LOUISVILLE, Ky. — Students in Jefferson County Public Schools may not return to class for their second day of school until the middle of next week, Superintendent Marty Pollio said Friday.
It comes after a total overhaul of bus routes for Kentucky's largest school district turned into a logistical meltdown on the first day of classes, with some elementary-aged students not making it home until just before 10 p.m.
What You Need To Know
- It took just one disastrous day for Jefferson County Public Schools leaders to completely reexamine the transportation plan for Kentucky's largest district, which serves 96,000 students
- Some kids arrived home hours late on Wednesday, and classes were canceled Thursday and Friday
- Superintendent Marty Pollio has called it a “transportation disaster” and apologized to students, families, bus drivers, and school officials
- Pollio said the district will work through the weekend on short- and long-term solutions, and that classes may not resume until Wednesday
Administrators canceled classes Thursday and Friday, leaving parents and state legislators fuming.
Pollio addressed the public on Friday after widespread backlash to bus routes and schedules at JCPS. The district overhauled its start times and bus routes this year to cope with an ongoing bus driver shortage.
He said drivers and district leadership will work through the weekend on implementing the transportation system. JCPS hopes to resume classes by Wednesday, Pollio said, but official word on that would come this weekend.
If classes don't resume Monday, Pollio said NTI days will not be considered and the district will be asking the Jefferson County Board of Education to forgive as many days "as legally possible" in light of the busing blunder.
The district spent $265,000 to hire the AlphaRoute engineering firm to create a plan that would cut the number of bus routes and stops.
Pollio said the issue arose more from implementation issues, and that he doesn't directly place the blame on AlphaRoute.
Beau Kilpatrick has five kids attending schools in the district but said the only major transportation problems were with his elementary-school aged children, two girls in the first and third grades. The morning bus was supposed to arrive at 8:38 a.m. but never came, he said. After half an hour of waiting, he drove them to the school a few miles away.

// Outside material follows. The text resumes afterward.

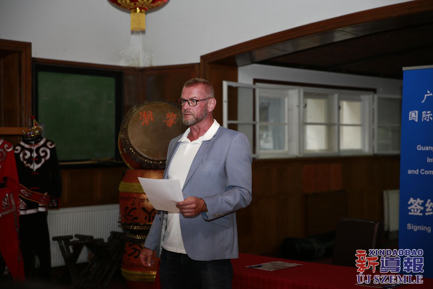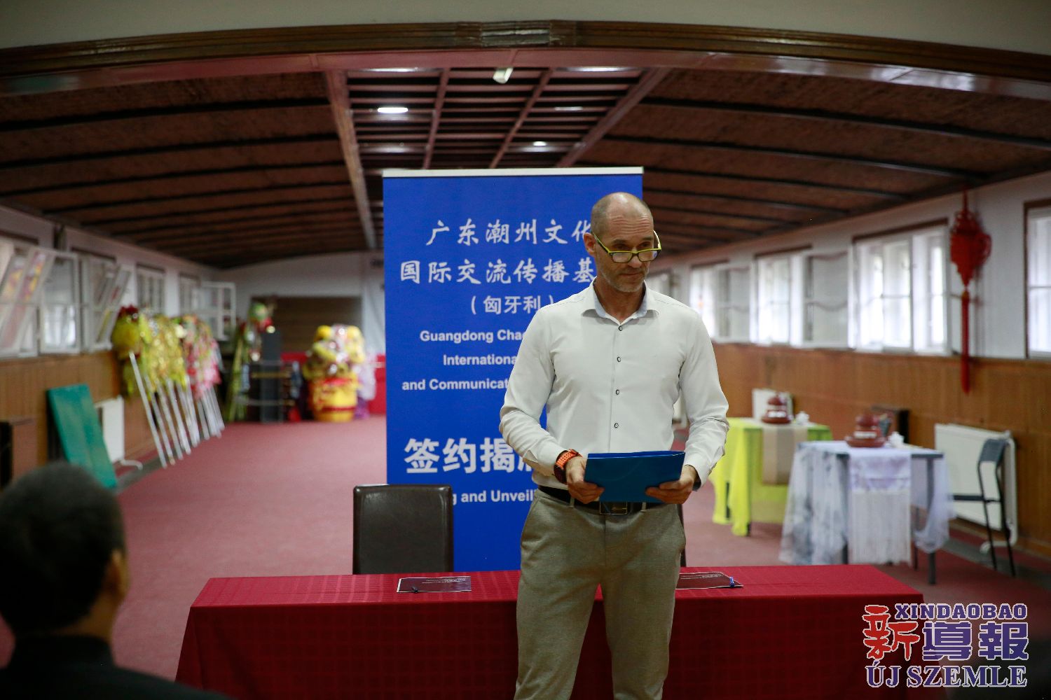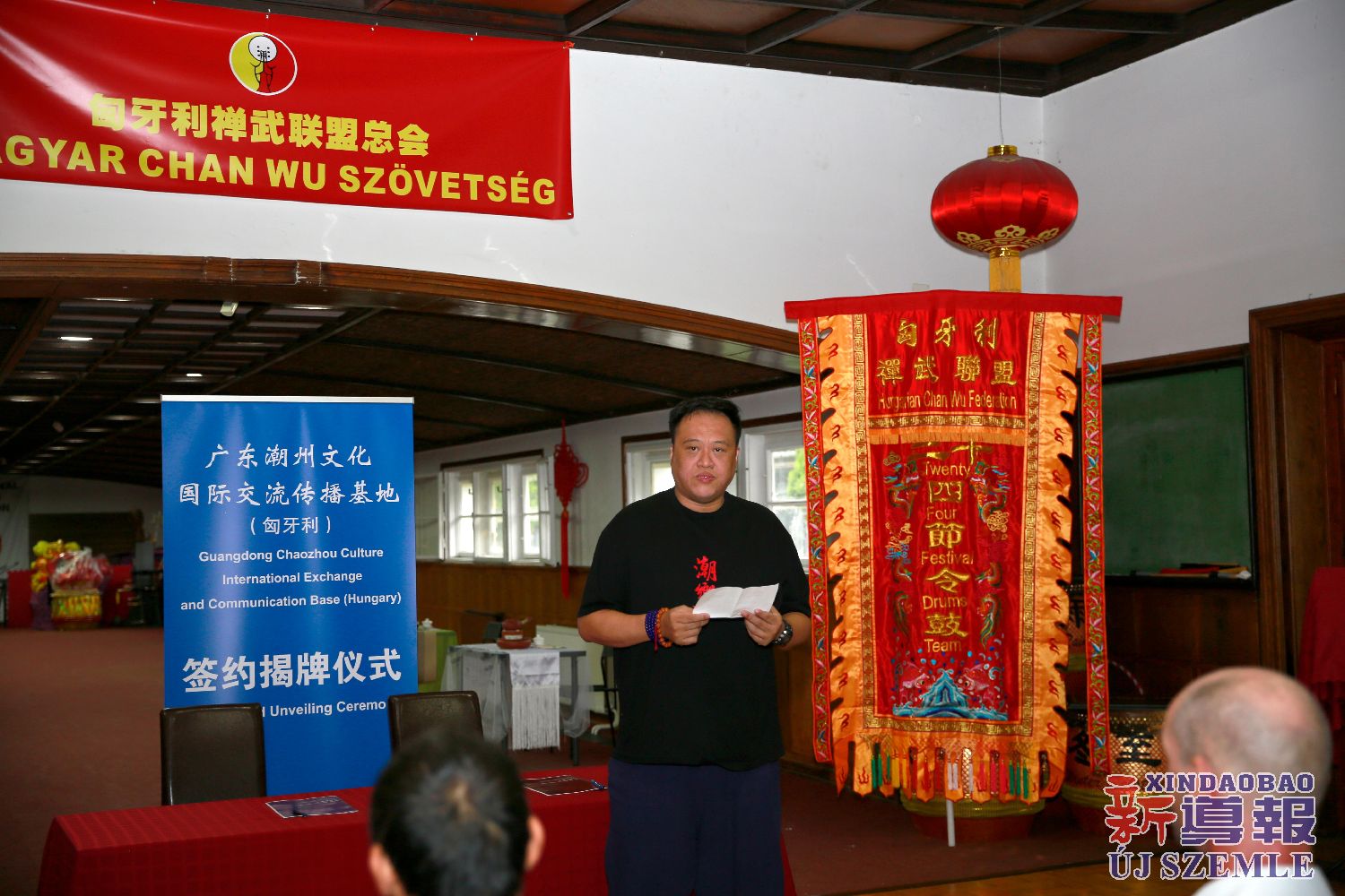 新导报讯:2025年9月14日,位于布达佩斯的匈牙利禅武文化中心内,伴着潮州二十四节令鼓声与潮州英歌舞的飒爽英姿,来自中国潮州的潮響鼓社与匈牙利禅武联盟签署合作备忘录,并举行基地揭牌仪式。

In the afternoon, the bus was almost two hours late for pickup.
Kilpatrick said the children had to sit in a school hallway while waiting for the bus to arrive because the cafeteria was already full. Then the children weren't dropped off until three hours later, at 9:15 p.m.
“They were hungry," he said. "They were thirsty. They couldn’t use the bathroom. They were scared because they just wanted to get home,” he said.
The younger child was covered in urine and Kilpatrick had to assure her that she wasn’t in trouble. Their father called it a "complete failure” by the district.
During the transportation overhaul this weekend, Pollio said the district will move to "tag" all K-12 students with bus information instead of just elementary schoolers, since every student has at least two bus drivers.
A group of state lawmakers representing Jefferson County districts called it “the last straw,” saying the debacle “must be the catalyst for change” in the school system.
The lawmakers signaled that they will push for legislation ensuring that students have the right to attend their neighborhood schools. They called for a commission to evaluate splitting up the school system, contending that the district currently is “too big to properly manage.” And they called for changes to the local school board.
The Associated Press contributed to this report.